* [WHAT YOU WILL DO]: Print out each record below, unaltered and complete, without its images.

* [EXTRACTED DATA]:
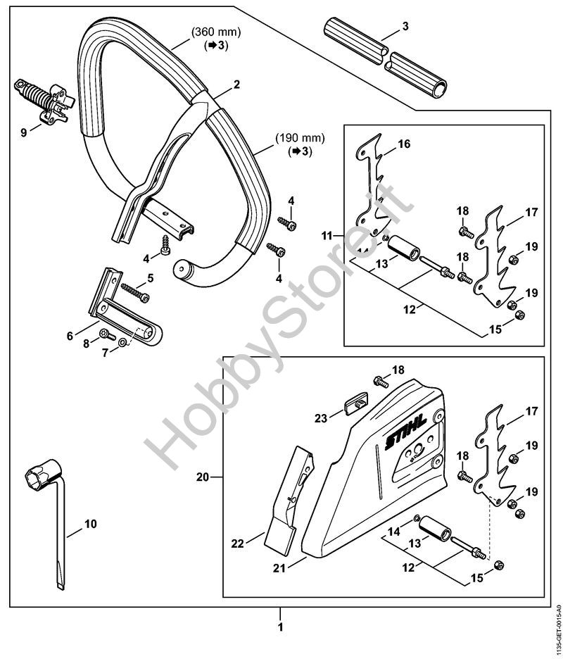 Ricambio Dispositivo ricupero catena Motoseghe a benzina (MS) MS 361-N STIHL Contiene anche i ricambi da n. 12 a 19
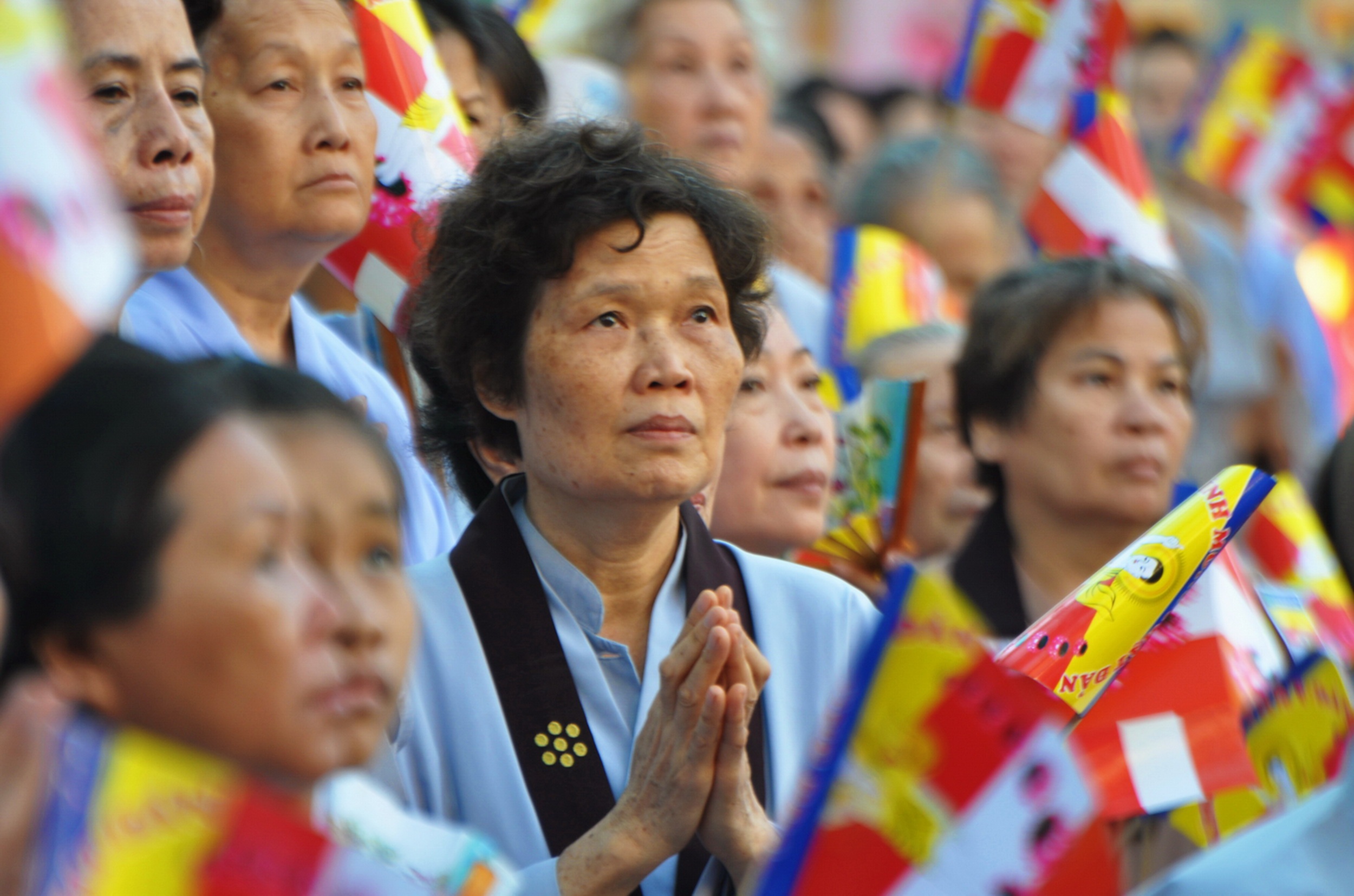 | Các Phật tử trang nghiêm nghe Hòa thượng Thích Đức Nghiệp, Phó Pháp chủ Hội đồng Chứng minh GHPGVN, tuyên đọc Thông điệp Đại lễ Phật đản PL 2558 - Vesak LHQ 2014. |
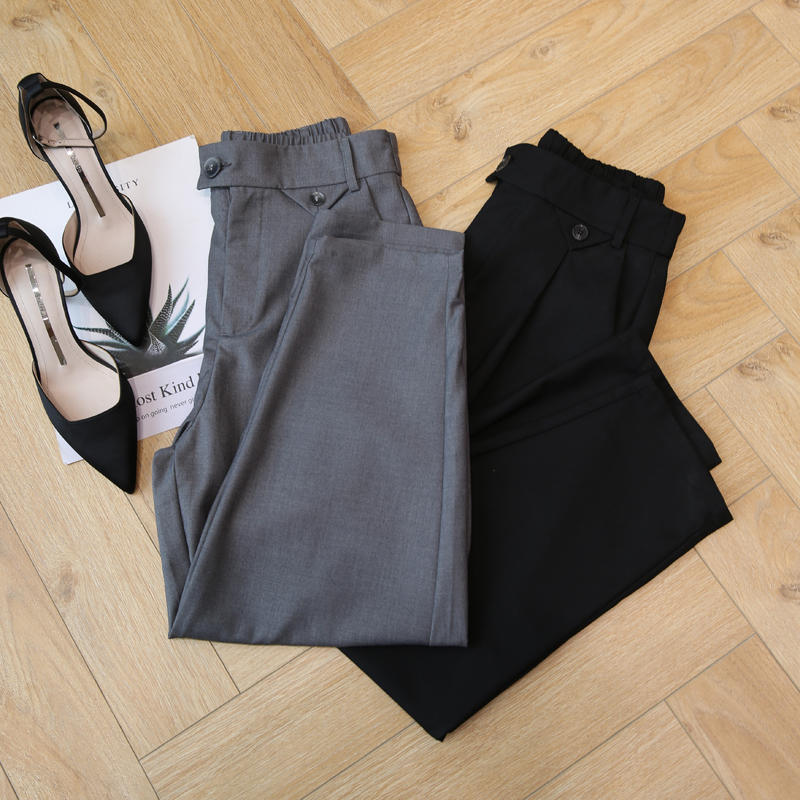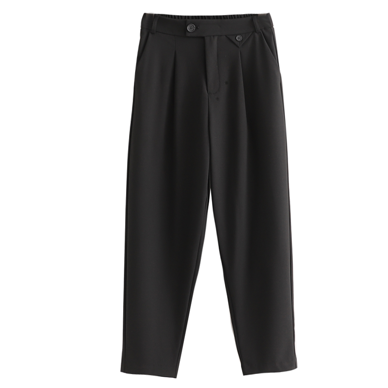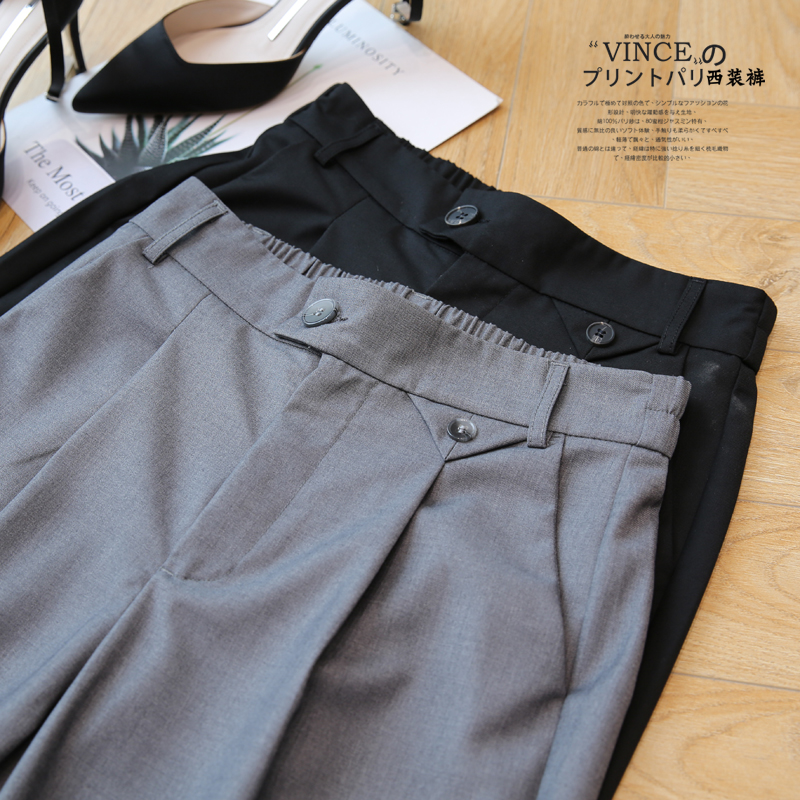 LNKK has elastic thin section high waist belt elastic waist black gray suit pants women's loose large size pants tapered radish pants
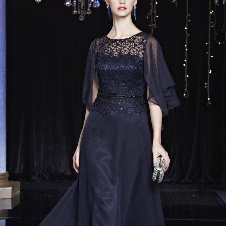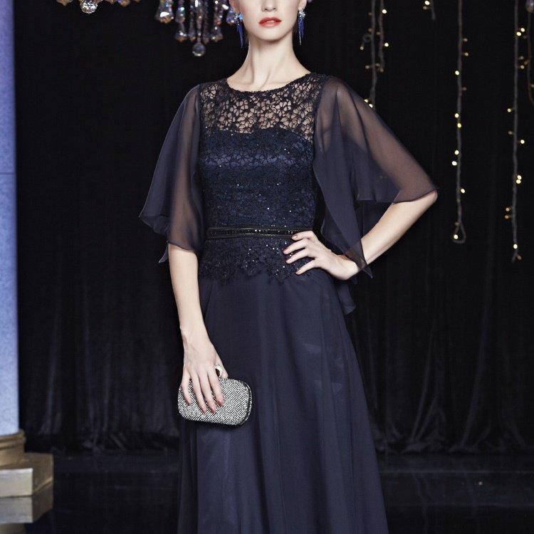 シックで落ち着いた佇まいが魅力のロングドレス。
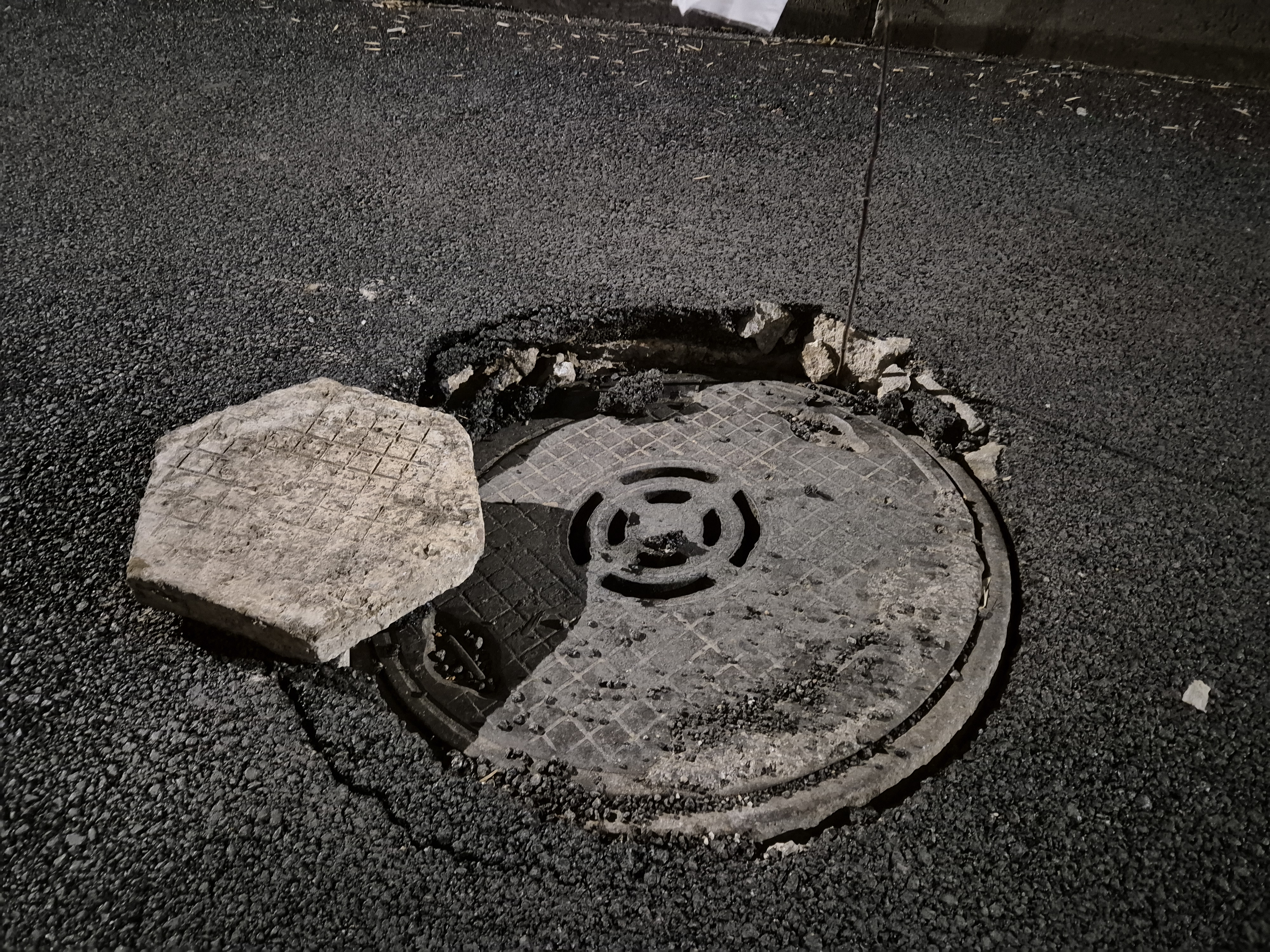 На 4/5ти март 2026г., бе подменена асфалтова настилка, на улицата пред бл.: 6Б, 6А, 7Б, 7А, 8 в ж.к. Еленово. За съжаление, преди два дни видяхме, че ремонтът около канализационната шахта пред бл.6, вх. А не е съвсем качествен и шахтата бе пропаднала. От снимките се вижда, че след премахването на старата настилка шахтата си е в перфектно състояние. При снимките, след пропадането на шахтата, личи, че около шахтата, незнайно защо е сложен пълнеж, който не е имало как да издържи на натоварването. На снимките, също така се вижда и опитът за ремонт на ремонта, на въпросната шахта, който явно се е случил в късните следобедни часове на днешния ден, тъй като положената смес, към 20:00ч. днес бе съвсем прясна.
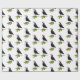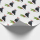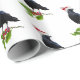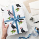 A jaunty crow wearing a Santa hat holds a sprig of holly on this holiday wrapping paper.

* [RESPONSE FOR THIS EXERCISE]:
 Ricambio Dispositivo ricupero catena Motoseghe a benzina (MS) MS 361-N STIHL Contiene anche i ricambi da n. 12 a 19
 | Các Phật tử trang nghiêm nghe Hòa thượng Thích Đức Nghiệp, Phó Pháp chủ Hội đồng Chứng minh GHPGVN, tuyên đọc Thông điệp Đại lễ Phật đản PL 2558 - Vesak LHQ 2014. |
 LNKK has elastic thin section high waist belt elastic waist black gray suit pants women's loose large size pants tapered radish pants
 シックで落ち着いた佇まいが魅力のロングドレス。
 На 4/5ти март 2026г., бе подменена асфалтова настилка, на улицата пред бл.: 6Б, 6А, 7Б, 7А, 8 в ж.к. Еленово. За съжаление, преди два дни видяхме, че ремонтът около канализационната шахта пред бл.6, вх. А не е съвсем качествен и шахтата бе пропаднала. От снимките се вижда, че след премахването на старата настилка шахтата си е в перфектно състояние. При снимките, след пропадането на шахтата, личи, че около шахтата, незнайно защо е сложен пълнеж, който не е имало как да издържи на натоварването. На снимките, също така се вижда и опитът за ремонт на ремонта, на въпросната шахта, който явно се е случил в късните следобедни часове на днешния ден, тъй като положената смес, към 20:00ч. днес бе съвсем прясна.
 A jaunty crow wearing a Santa hat holds a sprig of holly on this holiday wrapping paper.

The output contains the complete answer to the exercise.